健はようやく慣れ始めた操縦桿で対応する。
MCが猛威を振るって突っ込んでくるのに対し、健は敢えてその場から動こうとはしなかった。よりタイミングを掴みやすくして確実に仕留めるためだ。
サイに似たMCはバシャン! バシャン‼ バシャン‼‼ と海面の上を一歩ずつ確実に近付いてくる。荒波が立つせいで機体が大きく揺れる。
「ここだ!」
健が叫ぶと殺人的なGが麻衣を襲った。しかし、その甲斐あってかMCを撃退することが出来た。
健はこれまでの攻防でMCが巨大な一角を扱う際、直撃寸前で少し上へと向きを変えるという癖を見逃さなかった。今度も突っ込んでくる際にその癖が露わになっていた。
グレイブはその隙を狙って角が少し上へと向いた瞬間、背部バーニアを全開にして突っ込み、MCの眼球に実体剣を突き刺した。突進してくるMCの力の向きと向かい合うように機構人の実体剣が接触したため、まるで絹漉しで出来た豆腐のように簡単に眼球を貫通して頭蓋を砕いた。
健が見逃していなかったのは角の向きが上に向くだけではない。眼球がただの眼球で特別固い訳ではないということもだ。つまり、一般の動物と同じように致命的な弱点なのだ。
しかし、これで安心できたらよかったのだが、麻衣が安堵の溜息を漏らそうとした瞬間、悲劇は起きた。撃退したMCの突進力は弱まることを許さず、機構人の右腕を捥ぎ取って海面へ滑り込むようにして倒れ込んだのだ。

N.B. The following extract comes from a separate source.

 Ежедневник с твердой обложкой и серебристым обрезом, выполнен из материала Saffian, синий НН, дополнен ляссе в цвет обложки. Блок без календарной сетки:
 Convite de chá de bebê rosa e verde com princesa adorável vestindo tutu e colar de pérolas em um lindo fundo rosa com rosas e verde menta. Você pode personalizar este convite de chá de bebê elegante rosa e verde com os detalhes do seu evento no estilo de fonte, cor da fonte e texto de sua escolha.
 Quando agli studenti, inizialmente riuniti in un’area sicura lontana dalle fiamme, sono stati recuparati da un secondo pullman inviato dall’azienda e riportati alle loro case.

あらゆる方向から来る衝撃がコックピットを襲った。そのせいで麻衣は頭を強く打ち健の方に倒れる。ハッチが無いため健は驚愕を露わにしながら麻衣の身体を受け止める。
もし受け止められなかったらと思うとゾッとした。
だが、健の手には海水とはまた別のベットリとした液体の感覚がした。
確認しなくても分かる。これは血だ。
『君! 大丈夫だったか!』
突然、通信があった。タイミングと女の声がしたことから緑の機構人『緑士』のパイロットだと分かった。

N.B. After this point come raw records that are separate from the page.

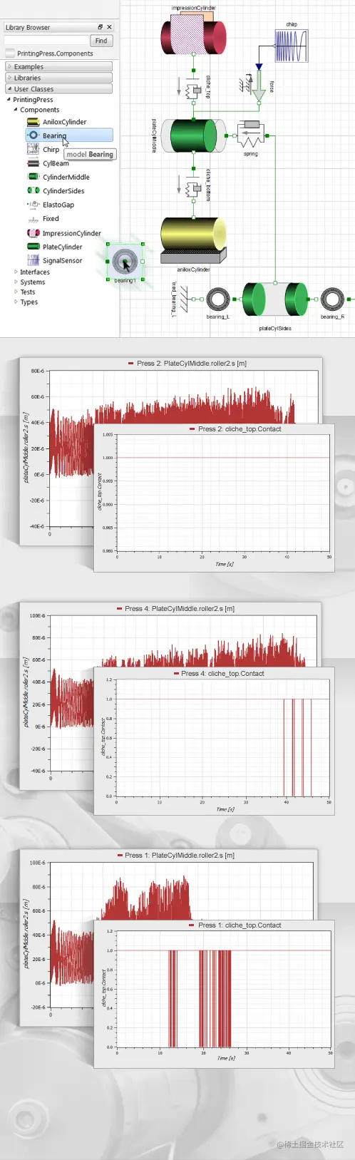 轴承间隙为0.6或0.8毫米时,印版滚筒和压印滚筒之间没有接触,因此出现反弹问题。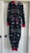 Blue reindeer jumpsuit with red zipper. Features white reindeer and geometric patterns. Ideal for cozy nights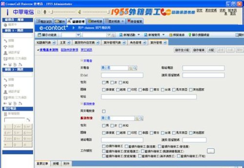 相信不久的將來(lái),e-Contact+ 一定會(huì)成為各企業(yè)競(jìng)相爭(zhēng)購(gòu)的明星產(chǎn)品!截至目前,確認(rèn)導(dǎo)入此套產(chǎn)品的公司包含臺(tái)北縣政府的個(gè)案輔導(dǎo)管理、中華電信的客服活動(dòng)關(guān)懷軟體、1955外籍勞工24小時(shí)咨詢保護(hù)專線,這三家公司透過(guò)業(yè)務(wù)自行定義物件中的調(diào)整客制化欄位,使用基礎(chǔ)模組的客戶管理,再配合其他相關(guān)模組物件導(dǎo)入,讓工作流程與資料再單一畫(huà)面下容易被管理。

「救助艇はまだですか! 麻衣ちゃんが頭から血を流して……それで……っ!」
自分でも分かるくらい動揺していた。
『落ち着け、もう少しでこっちに来る! いや、こちらから行った方が早いかもしれない』
「分かった。センサーとか全部いかれてるせいでどっちから来るか分からない。案内を頼む」
『それは出来ない』
女の言葉に健は怒りを露わにする。
「ふざけんな! このままだと死ぬかもしれねえンだぞ‼」
『なら君はここに残された民間人を放置するつもりか?』
冷静に女は言う。
『頭を冷やせ』
健は舌打ちをして怒りをぶつけるが、今はそれ以外にできることがないため頭を冷やすことにした。数秒後、月にいた頃にサバイバル訓練を受けていたお蔭で麻衣の頭部に布を巻いて止血することができた。
そうだ。最初からそうすれば良かったんだ。
健は少し緑士の女パイロットに感謝した。落ち着きを取り戻し始めたところで機体を立ち上がらせた。向きがよかったらしく白い機構人の姿をハッチの無いコックピットから見ることができた。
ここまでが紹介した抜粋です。